A segunda parte arrancou e um minuto após, Marega no ataque podia ter dilatado a vantagem portista. Aos 50’, Luis Díaz teve tudo para bisar, com um remate ao lado da baliza, muito próximo do poste lateral. Aos 69’ o FC Porto quase que via a sua vida andar para trás, mas tal infortúnio não sucedeu: após remate da equipa adversária a bola ressaltou em Luis Días e embateu no poste lateral dos dragões. As primeiras substituições tiveram lugar aos 71’, com a entrada de Narsingh e Ayoub, no conjunto dos Países Baixos.
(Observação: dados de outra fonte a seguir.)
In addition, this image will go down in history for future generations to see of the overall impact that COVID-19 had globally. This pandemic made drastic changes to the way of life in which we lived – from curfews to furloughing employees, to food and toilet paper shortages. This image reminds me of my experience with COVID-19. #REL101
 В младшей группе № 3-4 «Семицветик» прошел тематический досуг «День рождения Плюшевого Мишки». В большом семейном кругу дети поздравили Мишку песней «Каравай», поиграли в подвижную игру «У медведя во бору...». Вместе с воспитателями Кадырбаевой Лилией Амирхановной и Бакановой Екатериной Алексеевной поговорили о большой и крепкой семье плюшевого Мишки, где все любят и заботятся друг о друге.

Aos 72’, Marchesín voltou a ser um herói do jogo ao defender uma grande bola. O avançado holandês estava isolado, rematou mas o guardião portista estava lá para dar novamente prova do seu alto valor. Sérgio Conceição também mexeu no jogo e, aos 73’ e 74’, realizou dupla substituição: Sérgio Oliveira para o lugar de Luis Díaz e Zé Luís em troca de Soares. Depois, aos 79’, Marchesín viu cartão amarelo por demora de reposição da bola em jogo. Exatamente do mesmo modo sucedeu com Corona, aos 82’. No minuto seguinte, o FCP esgotou as suas substituições: com a saída de Marega, entrou Mbemba. Os últimos minutos da partida, a somar os seis minutos dados de desconto final, foram de enorme intensidade, com o FC Porto pressionando para carimbar esta importante vitória. Assim foi, com o resultado de 3-2 para a equipa lusitana.
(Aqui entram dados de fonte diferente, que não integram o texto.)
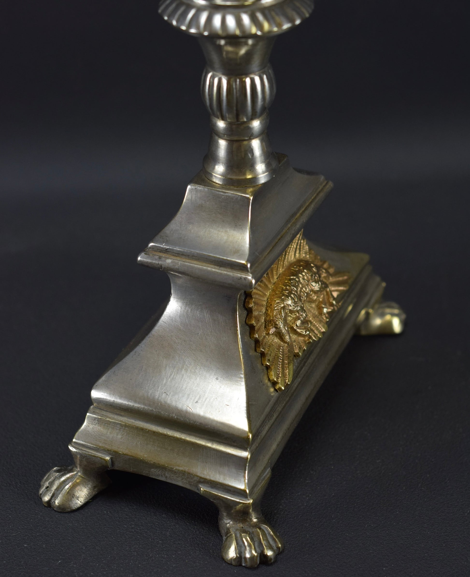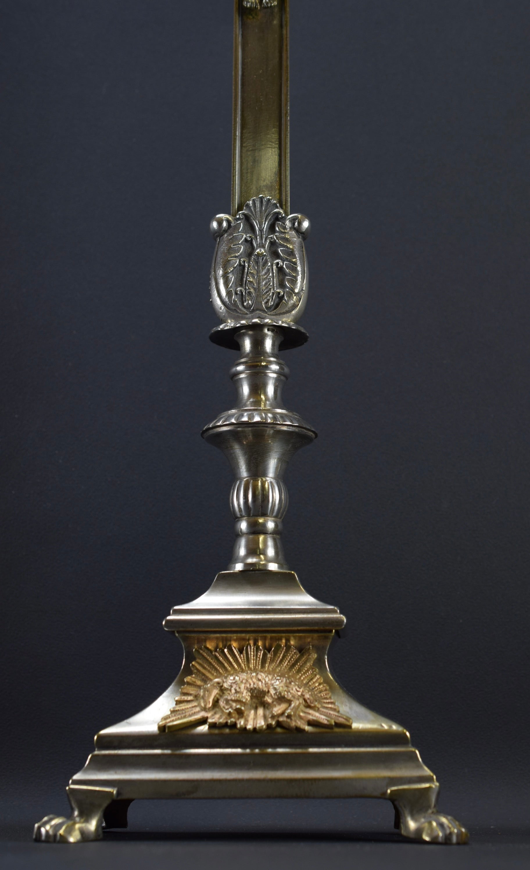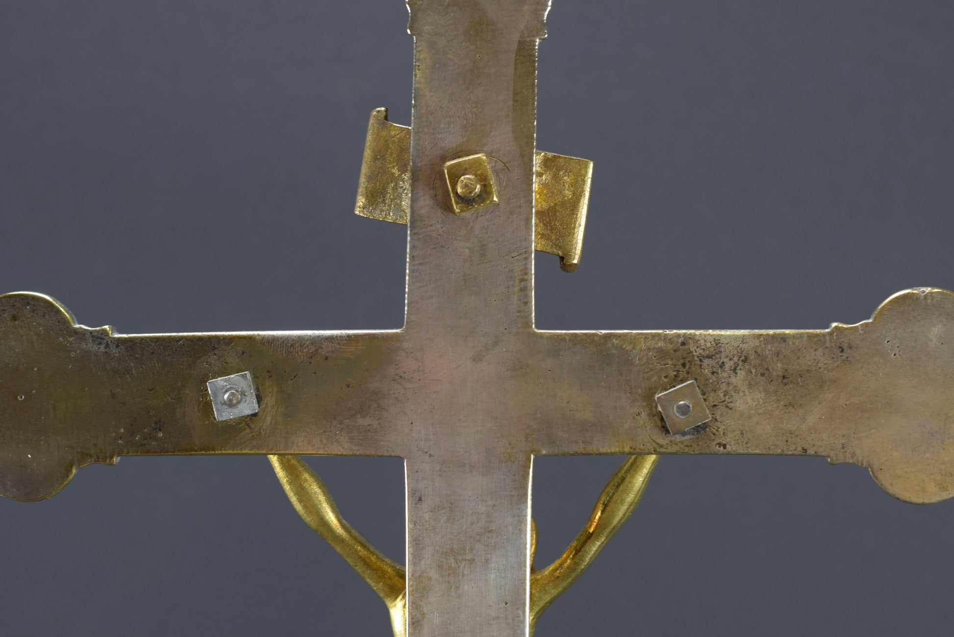 A gorgeous French antique standing cross dating to the 19th century. The altar crucifix measures 23 3/8 inches high (59,5cm). The beautiful religious piece displays an INRI plaque and a lamb. Lion paws feet. Acanthus leaves motifs. Magnificent work.

Na conferência de imprensa, Sérgio Conceição considerou que este jogo “foi imagem do que aconteceu nesta fase de grupos”. Entendeu que “faltou alguma consistência”, no desejo do “equilíbrio que a equipa precisa ter”. Para o treinador portista este “é um trajeto muito difícil” e “temos tudo para fazer melhor na Liga Europa”. Numa questão colocada pelo Informa+, de como Sérgio Conceição ajuizou o lance duvidoso que podia ter antecipado o terceiro golo portista, o mesmo referiu que ainda não tinha tido oportunidade de ver se tinha sido falta ou não.